EXTRACTED DATA:
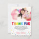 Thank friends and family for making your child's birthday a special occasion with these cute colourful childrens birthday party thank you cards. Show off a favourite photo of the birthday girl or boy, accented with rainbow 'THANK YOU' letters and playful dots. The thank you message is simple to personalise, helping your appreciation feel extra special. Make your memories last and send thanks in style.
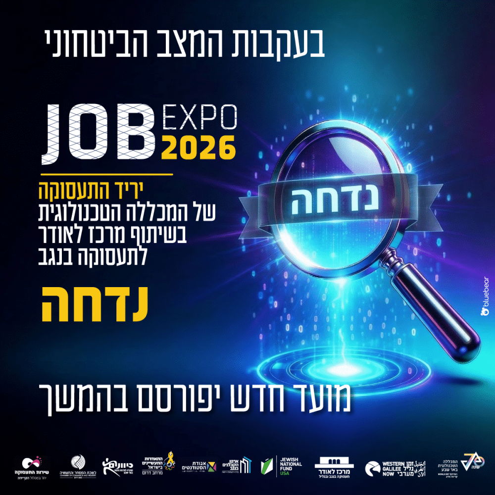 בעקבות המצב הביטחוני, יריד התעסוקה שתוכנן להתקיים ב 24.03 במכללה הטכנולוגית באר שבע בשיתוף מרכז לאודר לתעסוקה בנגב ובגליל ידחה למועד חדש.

* * *

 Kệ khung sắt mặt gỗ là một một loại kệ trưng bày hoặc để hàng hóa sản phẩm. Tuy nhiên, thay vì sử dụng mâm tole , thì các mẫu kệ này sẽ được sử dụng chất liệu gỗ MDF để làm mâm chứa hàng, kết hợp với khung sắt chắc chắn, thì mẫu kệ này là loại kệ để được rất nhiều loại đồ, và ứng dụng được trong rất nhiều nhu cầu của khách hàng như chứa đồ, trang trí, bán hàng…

* * *

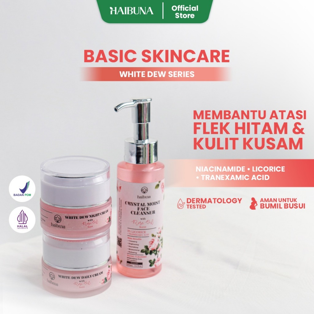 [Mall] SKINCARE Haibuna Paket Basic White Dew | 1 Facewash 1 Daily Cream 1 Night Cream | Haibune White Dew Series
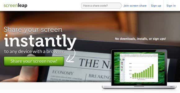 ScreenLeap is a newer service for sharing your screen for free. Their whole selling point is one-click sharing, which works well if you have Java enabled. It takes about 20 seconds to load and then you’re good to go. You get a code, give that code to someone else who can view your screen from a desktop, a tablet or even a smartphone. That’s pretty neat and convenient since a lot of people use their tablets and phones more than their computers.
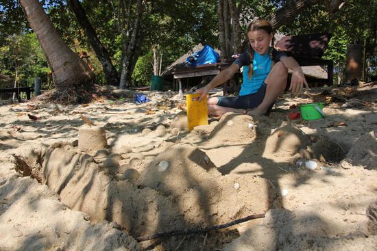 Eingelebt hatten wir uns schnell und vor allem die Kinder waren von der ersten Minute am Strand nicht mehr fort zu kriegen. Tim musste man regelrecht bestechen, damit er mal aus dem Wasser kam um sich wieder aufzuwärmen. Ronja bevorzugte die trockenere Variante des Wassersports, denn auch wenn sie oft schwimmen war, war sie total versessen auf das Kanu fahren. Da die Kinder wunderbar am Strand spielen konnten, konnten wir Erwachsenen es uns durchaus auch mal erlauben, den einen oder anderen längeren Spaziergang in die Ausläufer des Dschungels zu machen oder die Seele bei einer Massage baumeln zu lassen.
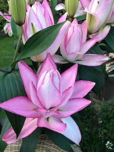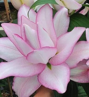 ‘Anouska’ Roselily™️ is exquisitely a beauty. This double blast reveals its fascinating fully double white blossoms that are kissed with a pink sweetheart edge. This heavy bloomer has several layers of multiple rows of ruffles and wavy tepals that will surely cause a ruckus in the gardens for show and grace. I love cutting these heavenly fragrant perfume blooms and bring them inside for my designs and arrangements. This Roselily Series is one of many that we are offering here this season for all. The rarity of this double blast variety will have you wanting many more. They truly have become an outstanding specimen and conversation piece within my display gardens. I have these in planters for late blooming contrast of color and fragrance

EXERCISE:
Please transcribe exactly the part of the records that opens with the line containing "Thank friends and" and closes with the line containing "בעקבות המצב הביטחוני, יריד", both ends included, and leave out the pictures.

SOLUTION FOR THIS EXERCISE:
 Thank friends and family for making your child's birthday a special occasion with these cute colourful childrens birthday party thank you cards. Show off a favourite photo of the birthday girl or boy, accented with rainbow 'THANK YOU' letters and playful dots. The thank you message is simple to personalise, helping your appreciation feel extra special. Make your memories last and send thanks in style.
 בעקבות המצב הביטחוני, יריד התעסוקה שתוכנן להתקיים ב 24.03 במכללה הטכנולוגית באר שבע בשיתוף מרכז לאודר לתעסוקה בנגב ובגליל ידחה למועד חדש.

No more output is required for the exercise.